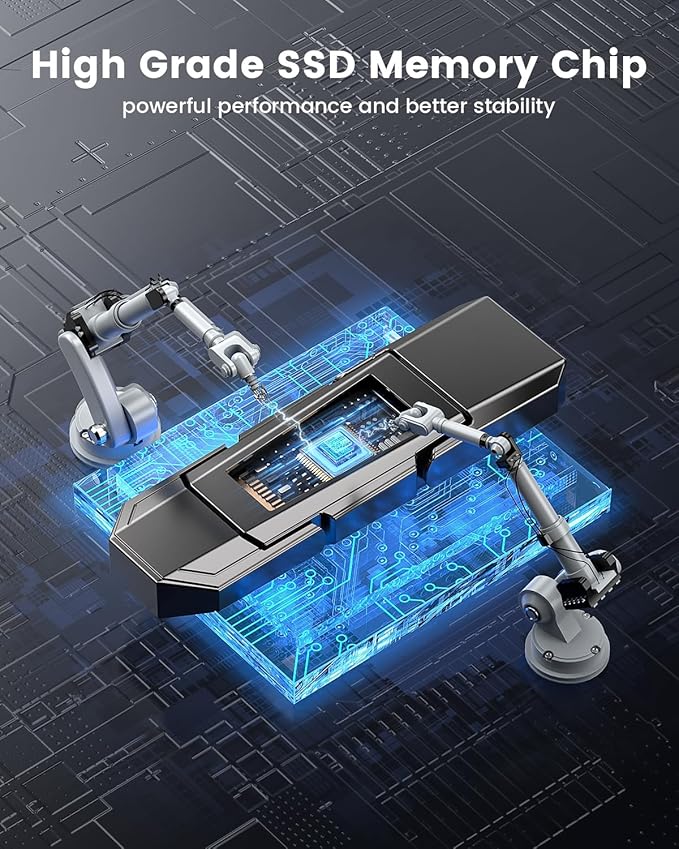 - 2-in-1 Dual USB-C&Type-A Drive: Built with both Type-C and USB-A ports, this dual USB solid state flash drive works seamlessly with iPhone 16/15 Series, Android phone, tablet, laptop, Mac, car audio, gaming consoles and more, transfer files effortlessly between devices.
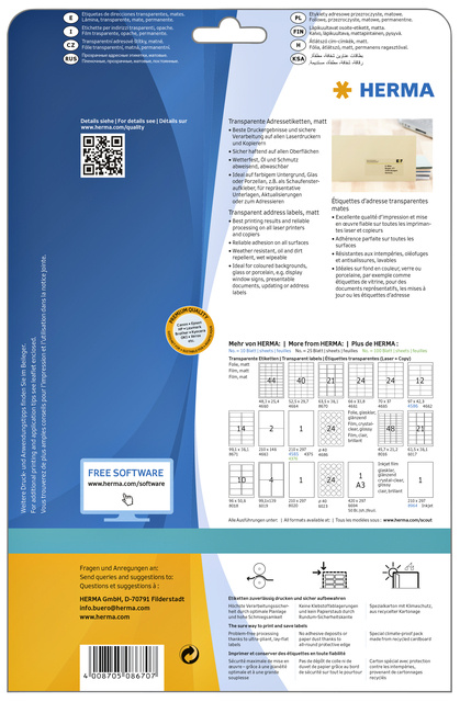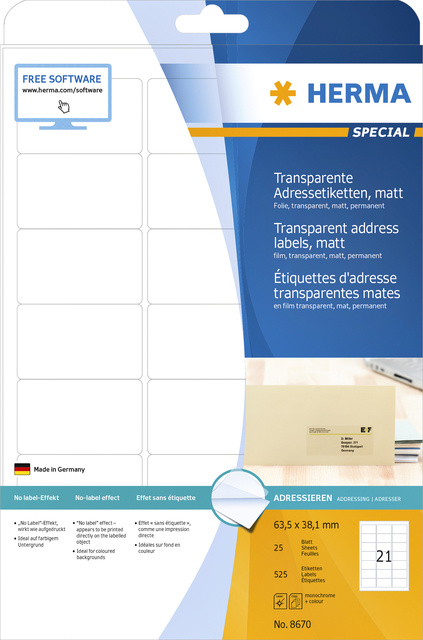 * Transparante matte folie-etiketten, etiketformaat 63.5x38.1mm op A4-vellen. * 25vel per verpakking. * Permanent zelfklevend. * Perfect voor optisch hoogwaardige toepassingen, ideaal op een gekleurde ondergrond, glas, porselein, voor representatieve documenten, updates of om te adresseren. * No-label-effect: opschrift lijkt direct opgedrukt. * Weervast, verouderingsbestendig, olie en vuil afstotend, afwasbaar. * Storingvrije verwerking dankzij veiligheidsrand rondom en optimale vlakligging. * Voor laserprinters en kopieerapparaten, kleurenlaserprinters en kleurenkopieerapparaten. * Niet geschikt voor inkjetprinters. * Gratis softwareoplossingen: www.herma.com/software.
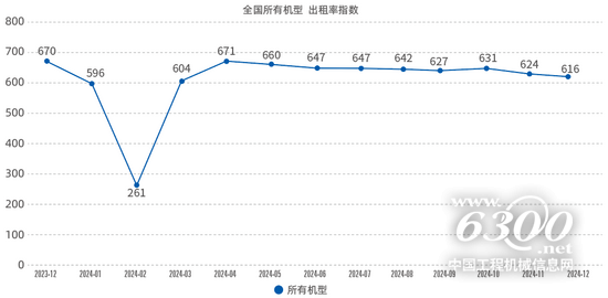 2024年12月升降工作平台出租率指数为616点,环比略降1.3%,同比下降8.1%。总体看环比出租率指数涨跌不一,其中30m以上机型出租率环比出现普涨态势,36~39m机型涨幅度最大为10.5%,而28m以下机型出租率指数环比呈下降趋势,≤6m机型降幅最大为5.9%。2024年12月出租率指数同比除40m以上机型外其他机型仍处于普遍下滑的态势,其中≤6m机型同比降幅最大为12.5%,与以往不同的是,40m以上机型出租率同环比都出现了上涨,而≤6m机型出租率指数同环比下滑幅度都最大。(出租率是以台天数为基准进行计算,100%出租率对应1000点。)
-- -- --
**YOUR OBJECTIVE:** Skip every picture, and give the rest of the material above again exactly.

**EXERCISE RESPONSE:**
 - 2-in-1 Dual USB-C&Type-A Drive: Built with both Type-C and USB-A ports, this dual USB solid state flash drive works seamlessly with iPhone 16/15 Series, Android phone, tablet, laptop, Mac, car audio, gaming consoles and more, transfer files effortlessly between devices.
 * Transparante matte folie-etiketten, etiketformaat 63.5x38.1mm op A4-vellen. * 25vel per verpakking. * Permanent zelfklevend. * Perfect voor optisch hoogwaardige toepassingen, ideaal op een gekleurde ondergrond, glas, porselein, voor representatieve documenten, updates of om te adresseren. * No-label-effect: opschrift lijkt direct opgedrukt. * Weervast, verouderingsbestendig, olie en vuil afstotend, afwasbaar. * Storingvrije verwerking dankzij veiligheidsrand rondom en optimale vlakligging. * Voor laserprinters en kopieerapparaten, kleurenlaserprinters en kleurenkopieerapparaten. * Niet geschikt voor inkjetprinters. * Gratis softwareoplossingen: www.herma.com/software.
 2024年12月升降工作平台出租率指数为616点,环比略降1.3%,同比下降8.1%。总体看环比出租率指数涨跌不一,其中30m以上机型出租率环比出现普涨态势,36~39m机型涨幅度最大为10.5%,而28m以下机型出租率指数环比呈下降趋势,≤6m机型降幅最大为5.9%。2024年12月出租率指数同比除40m以上机型外其他机型仍处于普遍下滑的态势,其中≤6m机型同比降幅最大为12.5%,与以往不同的是,40m以上机型出租率同环比都出现了上涨,而≤6m机型出租率指数同环比下滑幅度都最大。(出租率是以台天数为基准进行计算,100%出租率对应1000点。)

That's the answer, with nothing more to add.